The 2009 Pacific Coast League season is a season in American baseball.

Teams

Before the season

Affiliation changes 
Before the 2009 season, three PCL teams signed player development contracts (PDC) with different parent clubs.

The Albuquerque Isotopes signed a two-year PDC with the Los Angeles Dodgers through 2010 on September 18, 2008.  The Isotopes had previously been affiliated with the Florida Marlins for six seasons in Albuquerque and four seasons when the franchise was the Calgary Cannons.  This would mark the return of Dodgers prospects to Albuquerque, as Los Angeles was the parent club for the Albuquerque Dukes from 1972-00 when the club moved to Portland and were renamed the Portland Beavers.

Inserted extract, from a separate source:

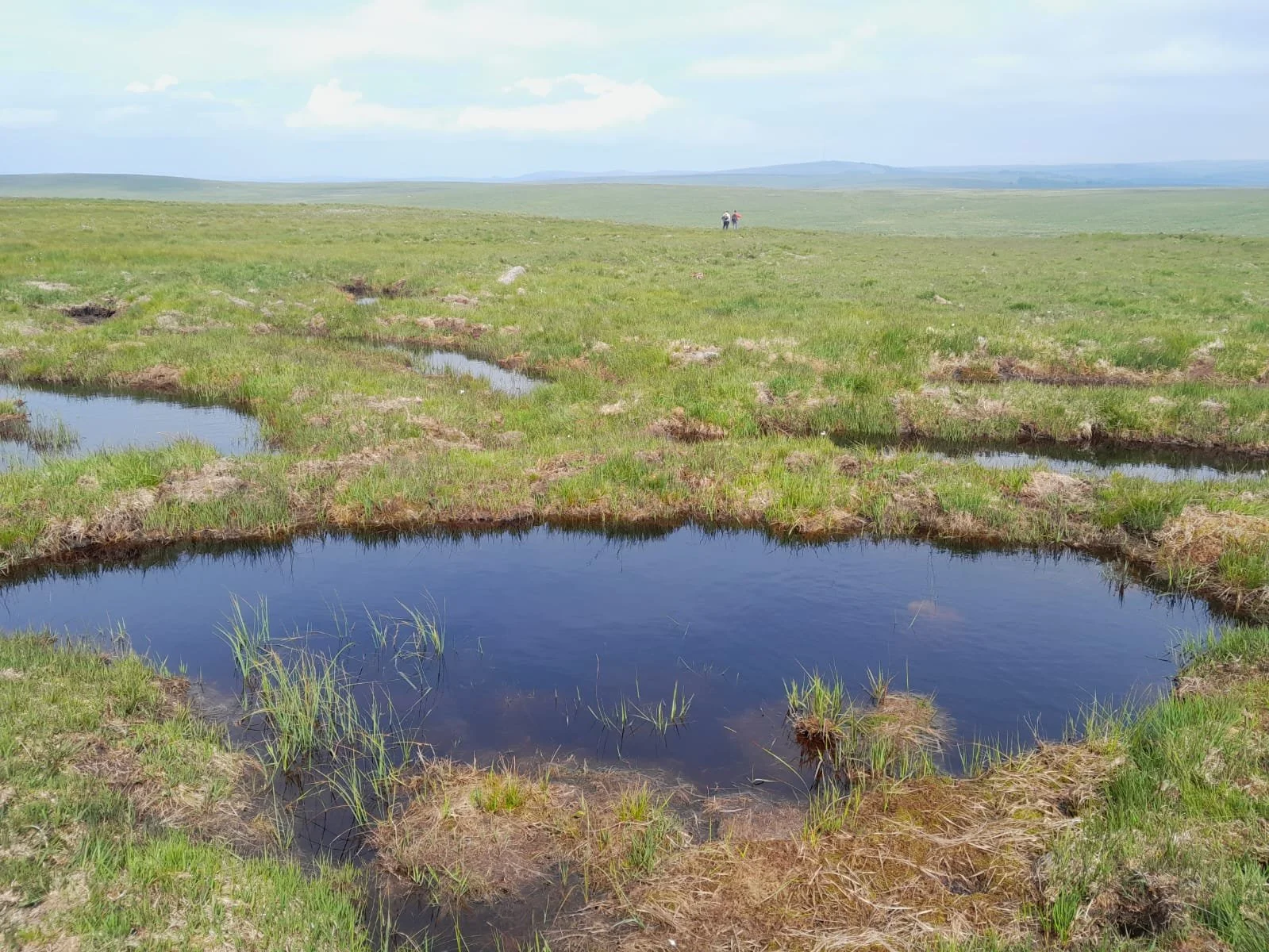 Pools of water formed behind peat bunds on site. The aim is that in time, these pools of water help to raise and stabilise the water table in the surrounding peat, and fill with peat-forming sphagnum mosses, as well as acting for a brilliant habitat for birds, insects and helping to diversify the surrounding number of bog plant species. From past experience at other restoration sites, long periods without substantial rain may leave some pools behind dams empty for a time. As long as the water was there initially, and it comes back with the rain, then that desired change in the vegetation will occur in time.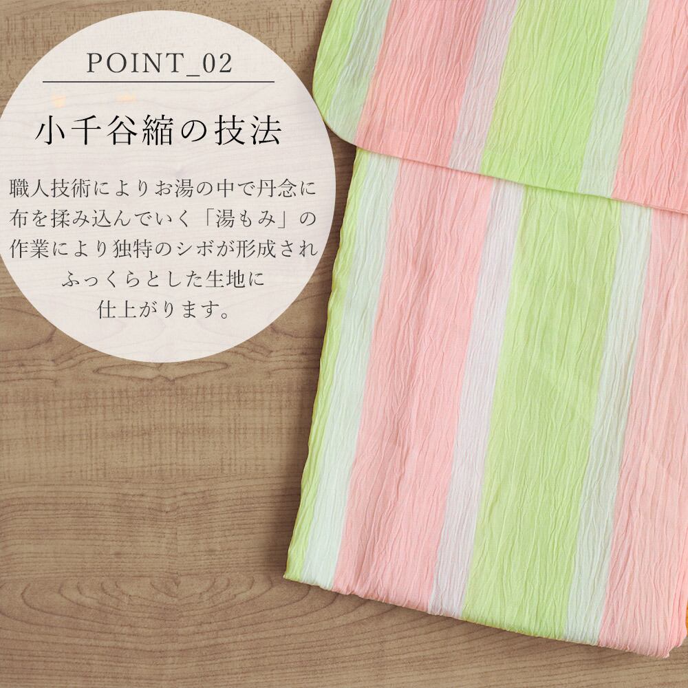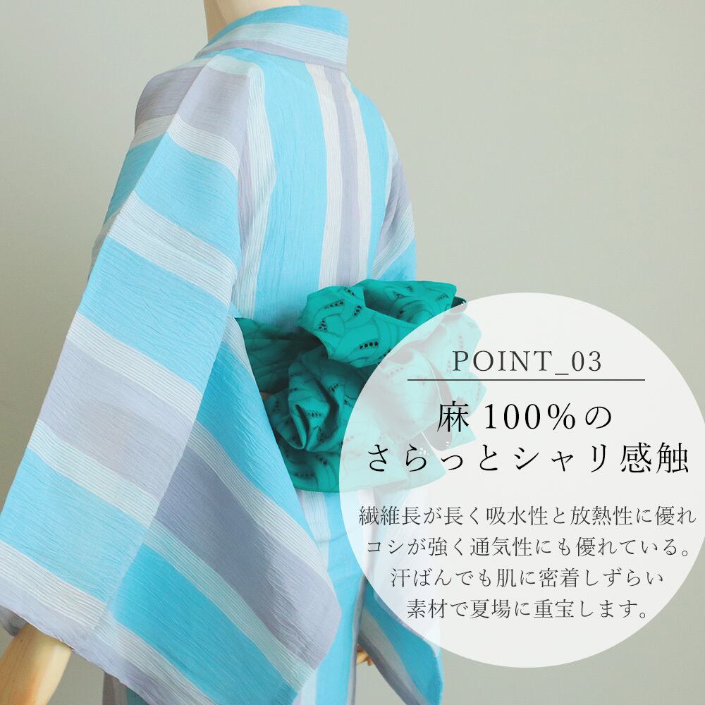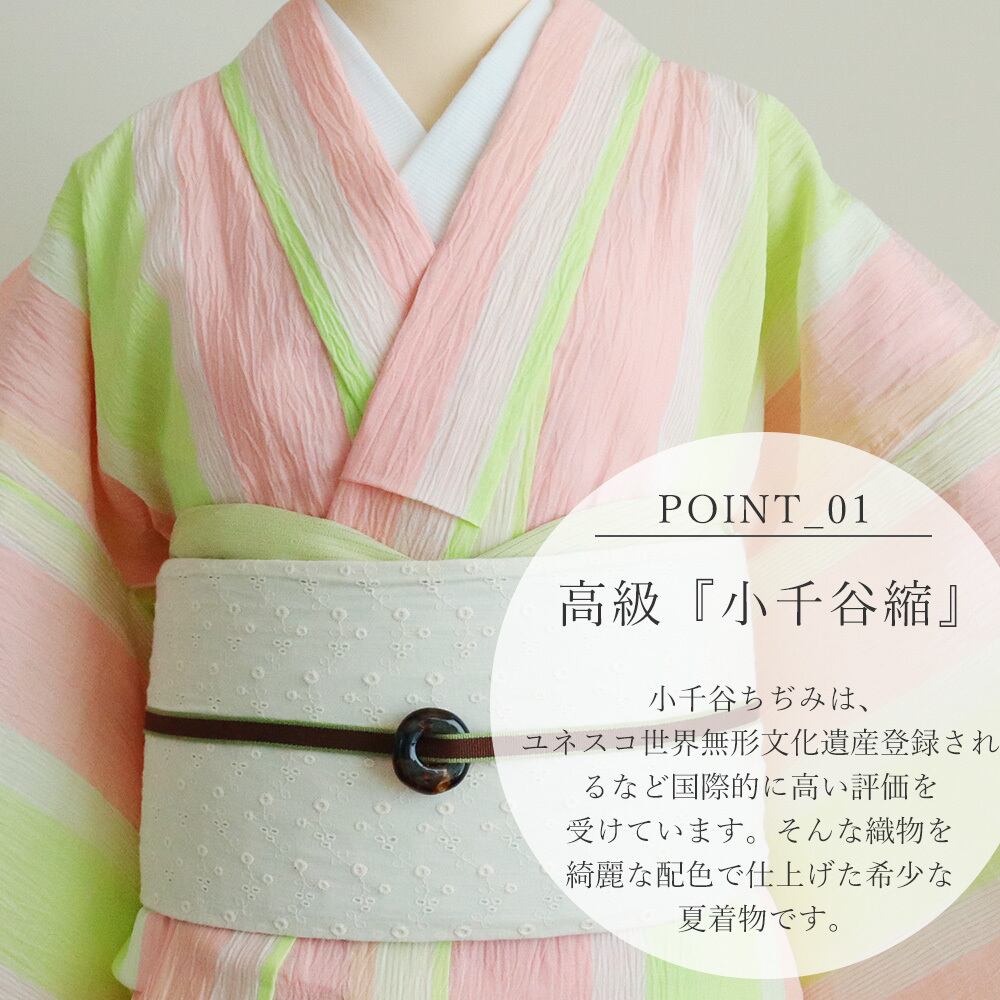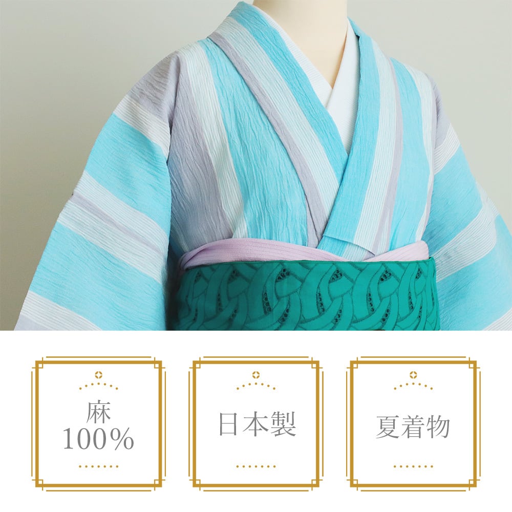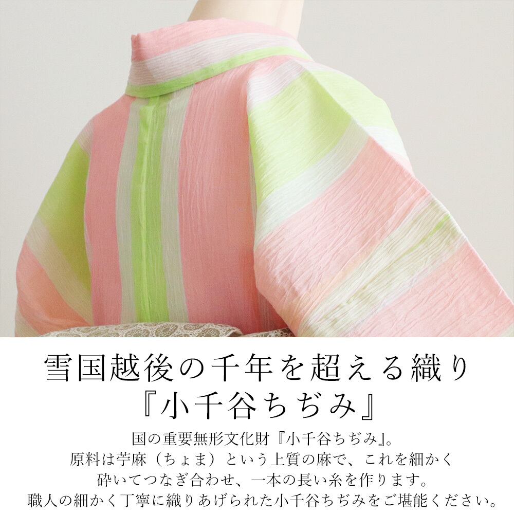 >雪国越後の千年を超える織り。「小千谷ちぢみ」国の重要無形文化財でもある小千谷縮の原料は苧麻という上質な麻でこれを細かく砕いてつなぎ合わせ一本の長い糸を作ります。そんな糸を職人の技術で織り上げて湯もみされ、丁寧に作られる生地です。麻100%のシャリ感と清涼感、また湯もみされてシワ加工ができることで、肌に密着しにくく風通しの良い涼しい生地となります。日本の湿度の高い夏に大変重宝される貴重な高級夏着物。是非その希少価値の高いお着物をご堪能ください。

The Las Vegas 51s signed a two-year PDC with the Toronto Blue Jays through 2010 on September 21, 2008.  The 51s had previously been affiliated with the Los Angeles Dodgers for eight years.  The relationship between Los Angeles and Las Vegas soured for years because of the lack of sufficient facilities at Cashman Field including the lack of an on site weight room and indoor batting cage.  Toronto becomes the third affiliate in Las Vegas' 28-year history and Las Vegas is only the second triple-A affiliate in Toronto's 33-year history.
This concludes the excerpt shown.